Supplied material =

╔══

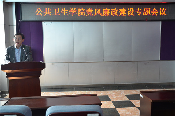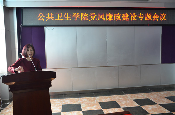 党委在学院三楼报告厅召开了党风廉政建设专题会议,院领导班子、党委委员、纪委委员、三委会主任、系主任、科主任、中心主任、支部书记、全体行政管理人员参加了会议。会议由副书记、副院长兼纪委书记刘丽主持。
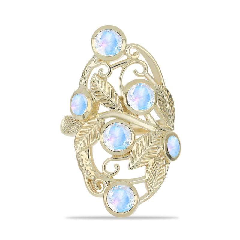 Pozlacený Stříbrný Prsten s Duhovým Měsíčním Kamenem
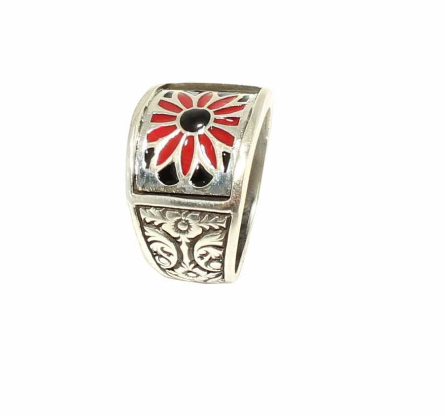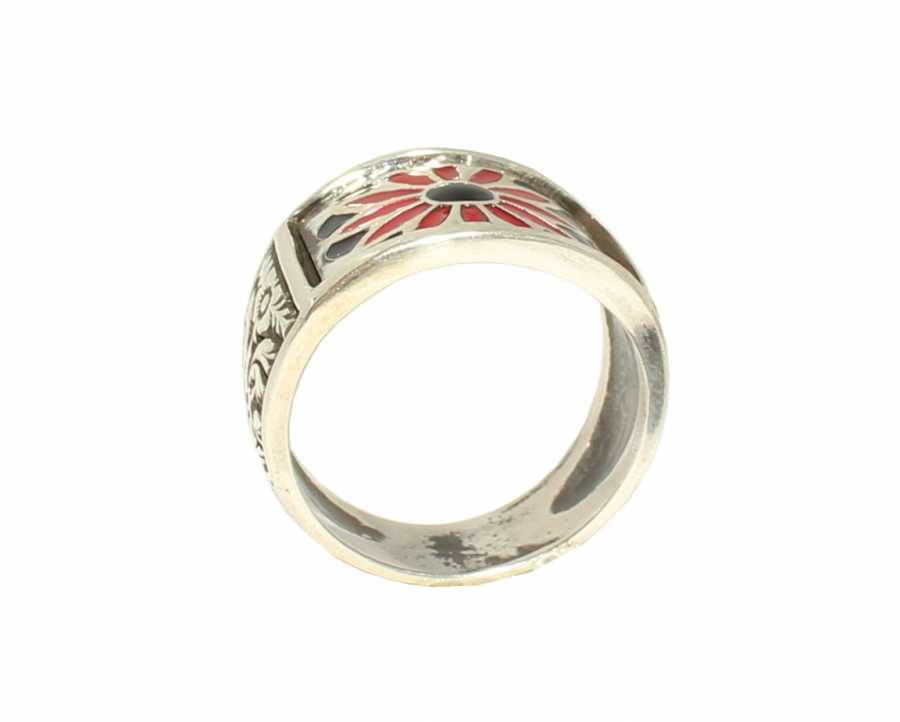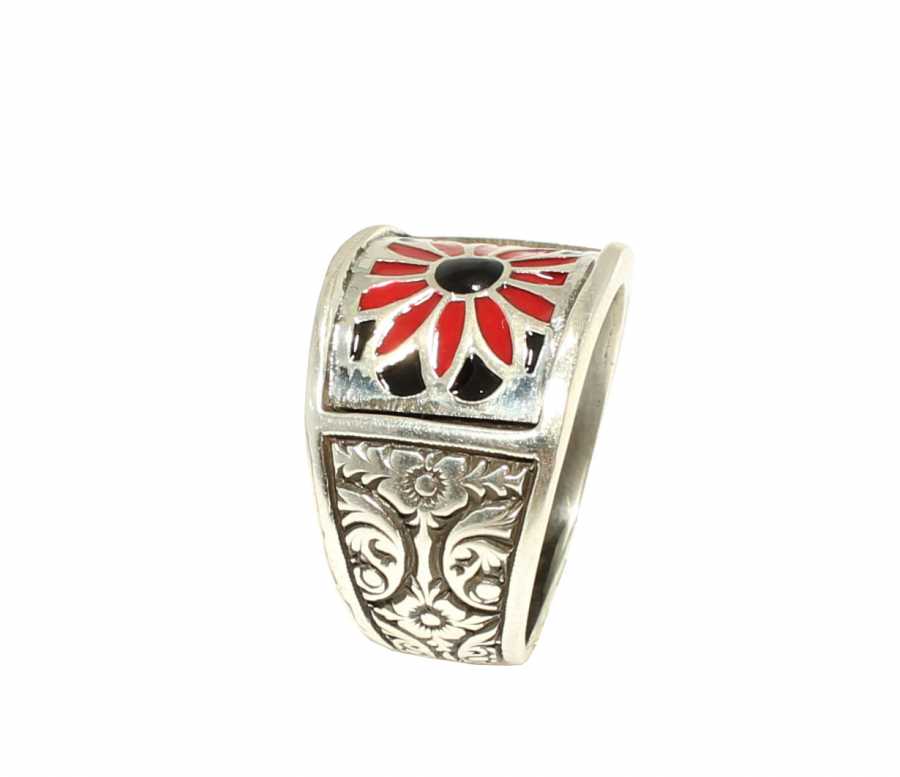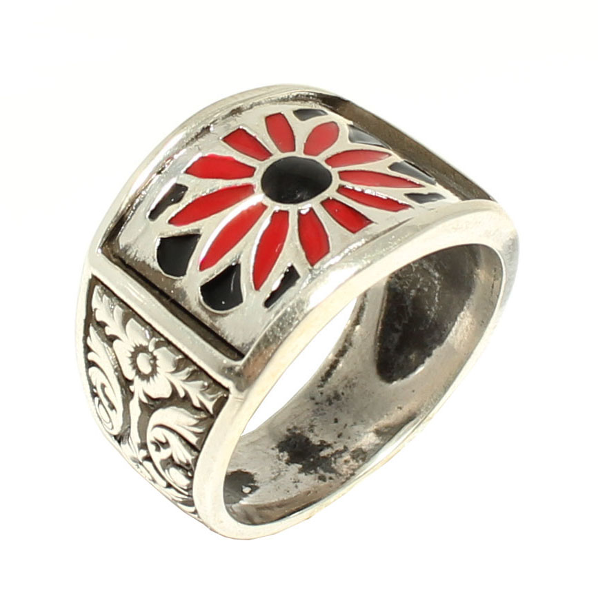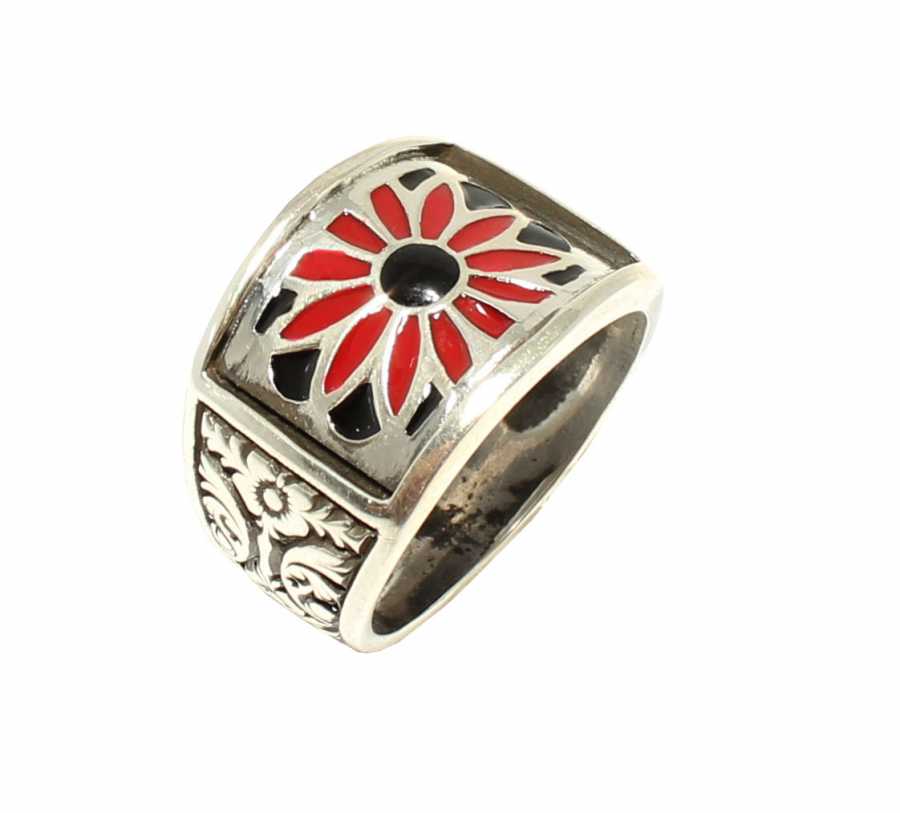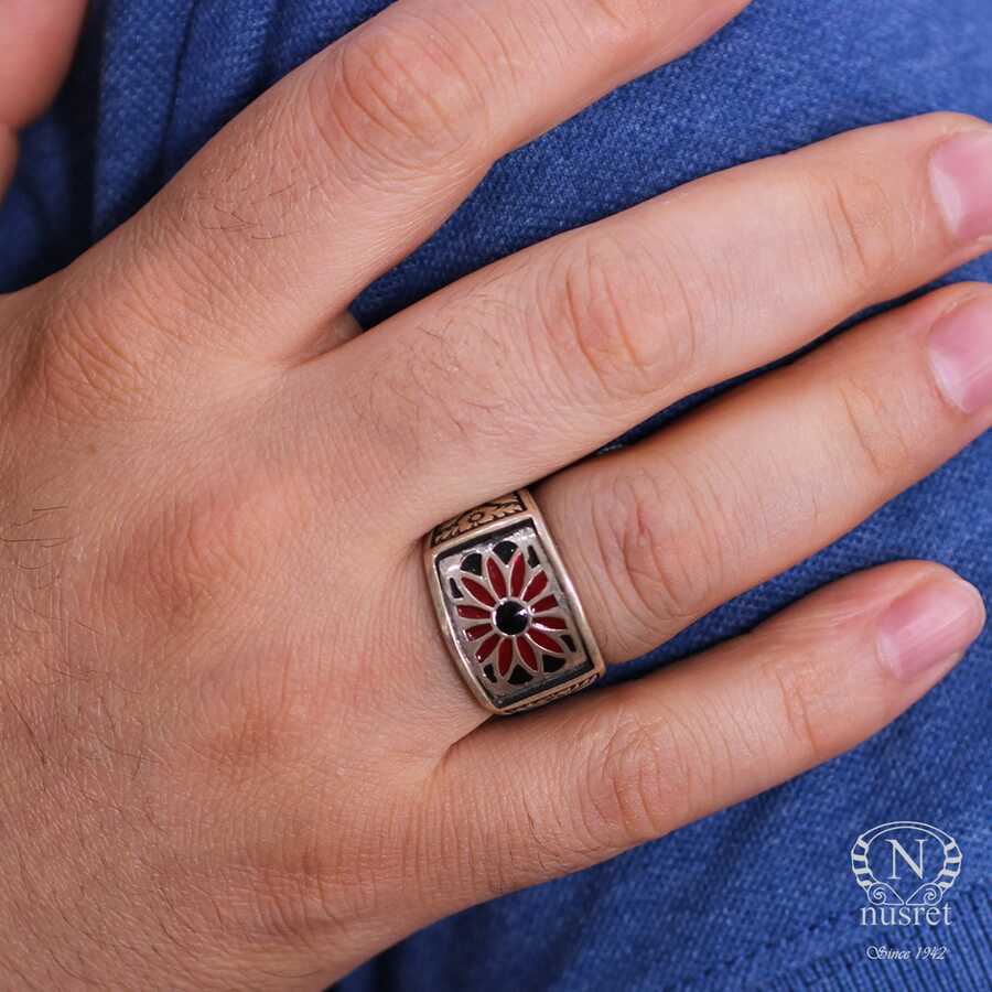 Yüzük 925 ayar gümüşten üretilmiştir. Gümüş yüzüğün üst kısmı kırmızı ve siyah renk mine yapılmıştır. Yüzüğün üst kısmı 1,5 cm'ye 2,0 cm boyutlarındadır. Resimdeki yüzük 21 ölçüdür, ancak tüm ölçüler yapılabilmektedir. Yüzük taşsızdır. Ağırlığı 10,07 gramdır.

╚══

Work order =
Text only, please: give the listing again word for word with no images.

Problem solution =
 党委在学院三楼报告厅召开了党风廉政建设专题会议,院领导班子、党委委员、纪委委员、三委会主任、系主任、科主任、中心主任、支部书记、全体行政管理人员参加了会议。会议由副书记、副院长兼纪委书记刘丽主持。
 Pozlacený Stříbrný Prsten s Duhovým Měsíčním Kamenem
 Yüzük 925 ayar gümüşten üretilmiştir. Gümüş yüzüğün üst kısmı kırmızı ve siyah renk mine yapılmıştır. Yüzüğün üst kısmı 1,5 cm'ye 2,0 cm boyutlarındadır. Resimdeki yüzük 21 ölçüdür, ancak tüm ölçüler yapılabilmektedir. Yüzük taşsızdır. Ağırlığı 10,07 gramdır.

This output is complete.